Значит все же в душе у отца была вера, к которой он мог припасть в тяжелые минуты, – «и будет Господь прибежищем угнетенному, прибежищем во времена скорби», «ибо он не презрел и не пренебрег скорби страждущего, не скрыл от него лица своего, но услышал его, когда сей воззвал к Нему».
(Псалтырь, псалом 9, 21).
* * *
Знакомство с митрополитом Московским и Коломенским Сергием продолжалось еще некоторое время после окончания их совместной работы над книгой, и однажды отец пригласил митрополита к нам в гости.
Тут у нас в доме настал переполох – никто не знал, чем можно угощать Его Святейшество, так как был пост. Телефонный опрос друзей и знакомых тоже ничего не прояснил... Но вот в назначенный день Его Святейшество является к нам, и, перед тем как пригласить всех к столу, мама в смущении обращается к нему:
– Ваше Святейшество, мы не вполне уверены, что вы одобрите приготовленные нами кушанья!

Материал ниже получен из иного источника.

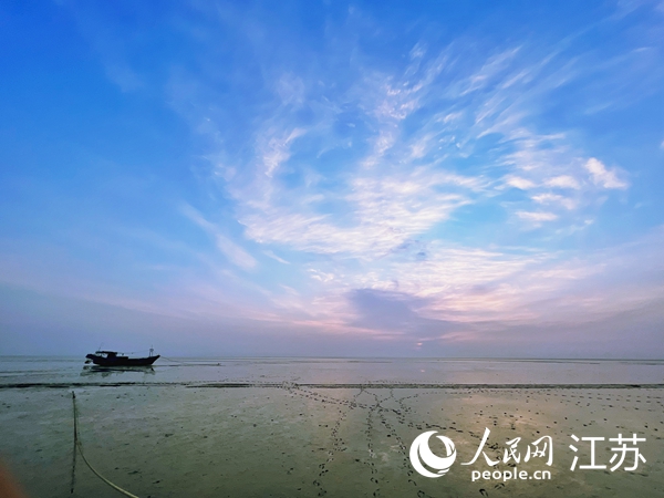 坐看灘涂的日出,在小船上享受一份寧靜。人民網(wǎng) 馬燾燾攝

На что Его Святейшество ответил:
– Не беспокойтесь, дорогая, в пути вкушают предлагаемое.
Эта замечательная фраза по разным поводам и до сих пор используется в нашей семье.
* * *
В самом начале лета 1943 года, когда война была еще в разгаре, родители выписали нас с бабушкой из Ташкента в Москву – им казалось, что вместе мы легче перенесем лихолетье.

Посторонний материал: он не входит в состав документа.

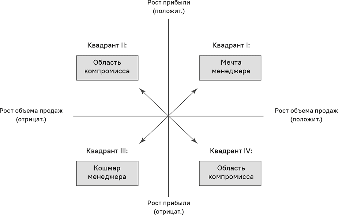 Эту проблему иллюстрирует рис. 2.1. Рост прибыли показан по вертикальной оси, рост объема – по горизонтальной. Пересечение осей обозначает статус-кво.

Мы оставляли Ташкент в тяжелое время – испытание эвакуированных всевозможными лишениями и нуждой становилось совершенно непосильным.
Наша колония эвакуированных писателей располагалась во дворе по улице Жуковского, обнесенном типично южными постройками – обмазанные глиной, с плоскими крышами и убогие на вид, они исподлобья взирали на божий мир, однако их кругозор был ограничен небольшим двором с протекавшим вдоль глинобитного забора арыком со сточными водами и росшим на краю его тутовым деревом, могучим и невероятно обильно плодоносившим. А так как по некоторым утверждениям эти черные ягоды, с виду напоминавшие малину, заключали в себе целый кладезь витаминов, то нам ничего не оставалось, как с их помощью укреплять свое здоровье. В глинобитных мазанках жили со своими семьями М. Берестинский, А. Файко, О. Леонидов, В. Луговской и Елена Сергеевна Булгакова с младшим сыном Сергеем.

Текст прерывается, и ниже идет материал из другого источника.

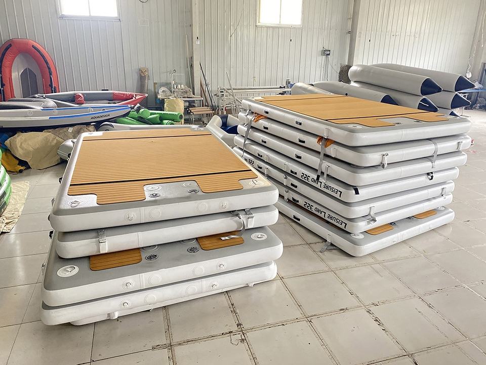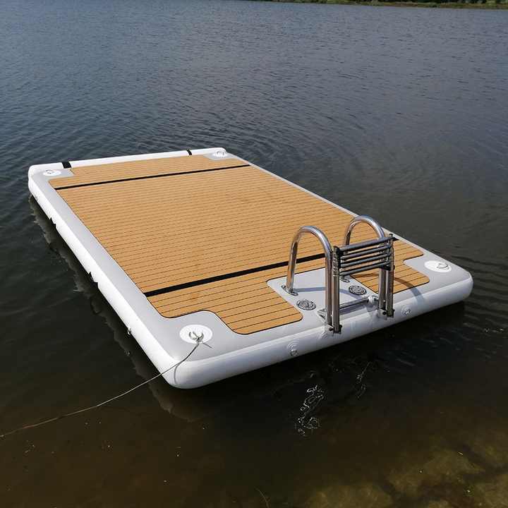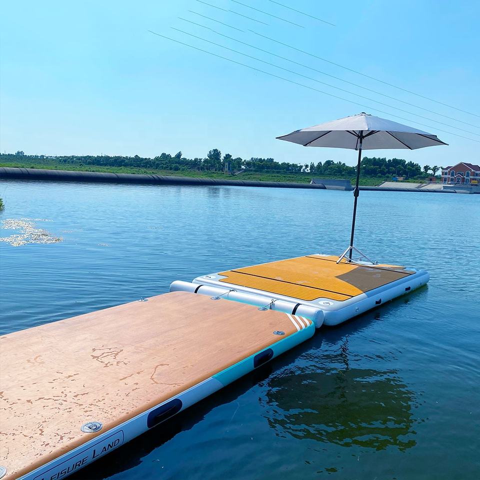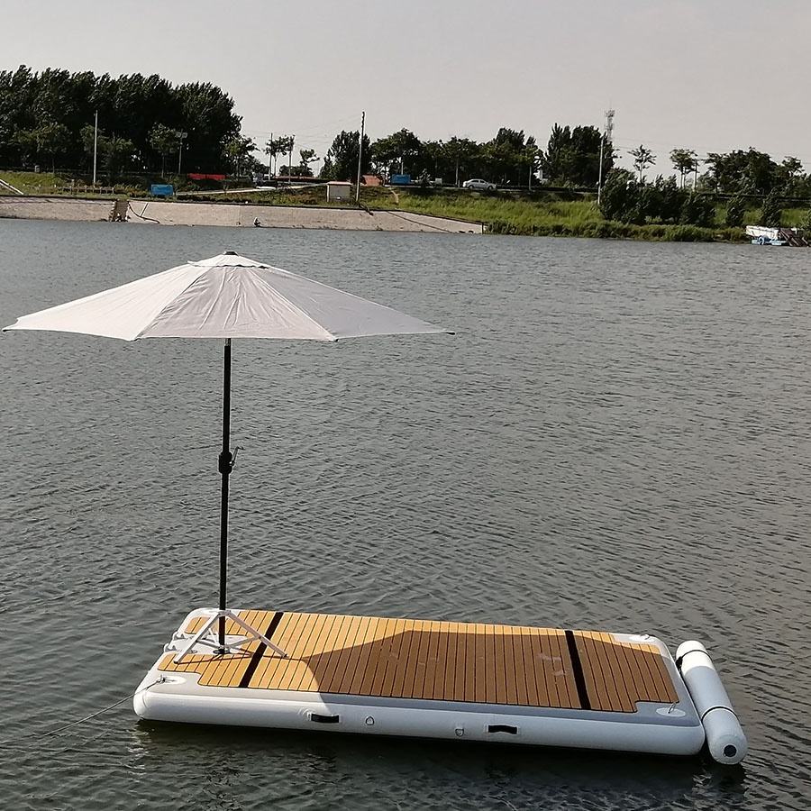Inflable isla flotante inflable pontón usando en el mar

Один дом, замыкавший это каре и выходивший окнами на улицу, был побольше и вдобавок побелен снаружи, за что и получил прозвище «Белого дома». В нем располагались три семьи – Погодиных, Уткиных и наша.
Из мужчин у нас в доме были Николай Федорович Погодин – в своих роговых очках, больше похожих на лупы, нетвердо ступавший по неровному дощатому полу нашего «Белого дома», он стоически переносил неустроенность временного жилья, никогда не жаловался и был погружен в свою работу. По вечерам, когда мы садились в нашей общей столовой за ужин – обычай, введенный моей мамой и Анной Никандровной Погодиной, чтобы поддержать видимость человеческого общения, – Николай Федорович пристально разглядывал содержимое своей тарелки и спрашивал жену:
– Скажи мне, что у меня тут такое?
– Ешь, ешь, это очень полезно, – подбадривала мужа Анна Никандровна и обводила присутствующих виноватым взглядом.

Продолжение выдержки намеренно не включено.